The number of decimal places in a measurement also affects precision.
A time of 12.1 seconds is more precise than a time of 12 seconds; it implies a measure precise to the nearest tenth of a second. The potential error in 12.1 seconds is 0.05 seconds, compared with a potential error of 0.5 seconds with a measure of 12 seconds.
Although students learn that adding zeros after a decimal point is acceptable, doing so can be misleading. The measures of 12 seconds and 12.0 seconds imply a difference in precision. The first figure is measured to the nearest second—a potential error of 0.5 seconds. The second figure is measured to the nearest tenth—a potential error of 0.05 seconds. Therefore, a measure of 12.0 seconds is more precise than a measure of 12 seconds.
Differing levels of precision can cause problems with arithmetic operations.
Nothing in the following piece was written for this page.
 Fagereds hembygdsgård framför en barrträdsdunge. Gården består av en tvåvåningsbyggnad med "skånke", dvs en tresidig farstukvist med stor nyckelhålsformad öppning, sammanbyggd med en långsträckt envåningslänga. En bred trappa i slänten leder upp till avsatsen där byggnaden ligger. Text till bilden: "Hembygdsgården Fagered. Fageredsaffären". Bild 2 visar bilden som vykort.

Suppose one wishes to add 12.1 seconds and 14.47 seconds. The sum, 26.57 seconds, is misleading. The first time is between 12.05 seconds and 12.15 seconds, whereas the second is between 14.465 and 14.475 seconds.
Consequently, the sum is between 26.515 seconds and 26.625 seconds. A report of 26.57 seconds suggests more precision than the actual result possesses.
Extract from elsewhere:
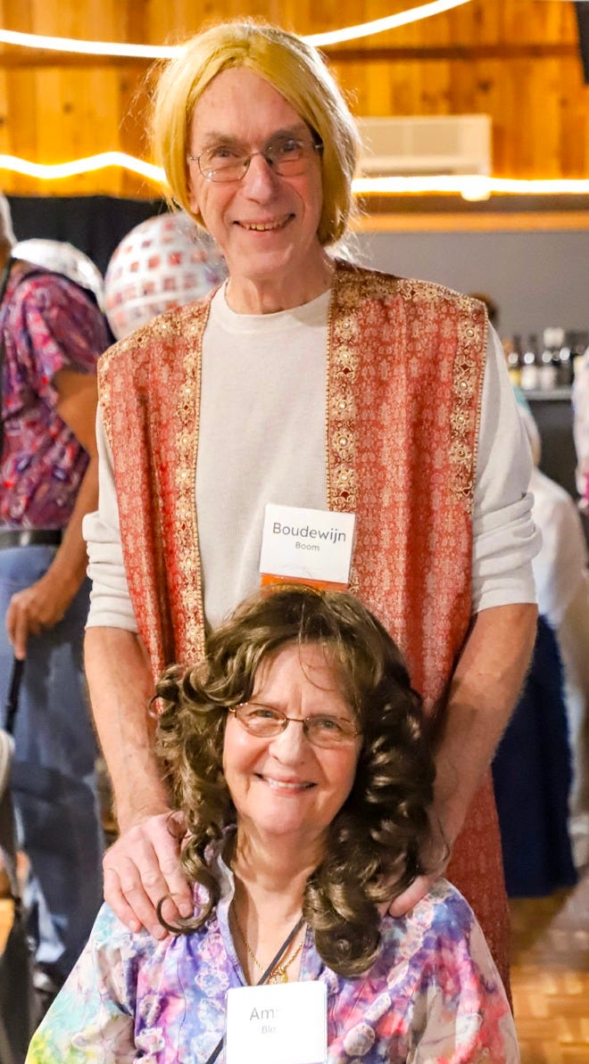 Funkadelic Fantasy Gala Fund-raiser—1970s on display $135 a plate, we’re invited for free batik, bell bottoms, wigs everywhere bald men sporting blond ponytails others with hair dyed blue, fake peace sign tattoos When bidding starts, my eyes as wide as a 5-year-old’s surprise good grief I can’t afford a starting bid, fret over needing new shoes Auctioneer’s patter bidding paddles raised here, there everywhere— item after item bringing in $3,500, $5,000, more Money sprouts on some trees but not on mine That’s just fine

The generally accepted practice is to report a sum or difference to the same precision as the least precise measure. Thus, the result in the preceding example should be reported to the nearest tenth of a second; that is, rounding the sum to 26.6 seconds. Even so, the result may not be as precise as is thought. If the total is actually closer to 26.515 seconds, the sum to the nearest tenth is 26.5 seconds. Nevertheless, this practice usually pro-
vides acceptable results.
Multiplying and dividing measures can create a different problem. Suppose one wishes to calculate the area of a rectangle that measures 3.7 centimeters (cm) by 5.6 cm. Multiplication yields an area of 20.72 square centimeters. However, because the first measure is between 3.65 and 3.75 cm, and the second measure is between 5.55 and 5.65 cm, the area is some where between 20.2575 and 21.1875 square centimeters. Reporting the result to the nearest hundredth of a square centimeter is misleading. The accepted practice is to report the result using the fewest number of significant digits in the original measures. Since both 3.7 and 5.6 have two significant digits, the result is rounded to two significant digits and an area of 21 square centimeters is reported. Again, while the result may not even be this precise, this practice normally produces acceptable results.
Accuracy
Rather than the absolute error to which precision refers, accuracy refers to the relative error in a measure. For example, if one makes a mistake by 5 centimeters in measuring two objects that are actually 100 and 1,000 cm, respectively, the second measure is more accurate than the first. The first has an error of 5 percent (5 cm out of 100 cm), whereas the second has an error of only 0.5 percent (5 cm out of 1,000 cm).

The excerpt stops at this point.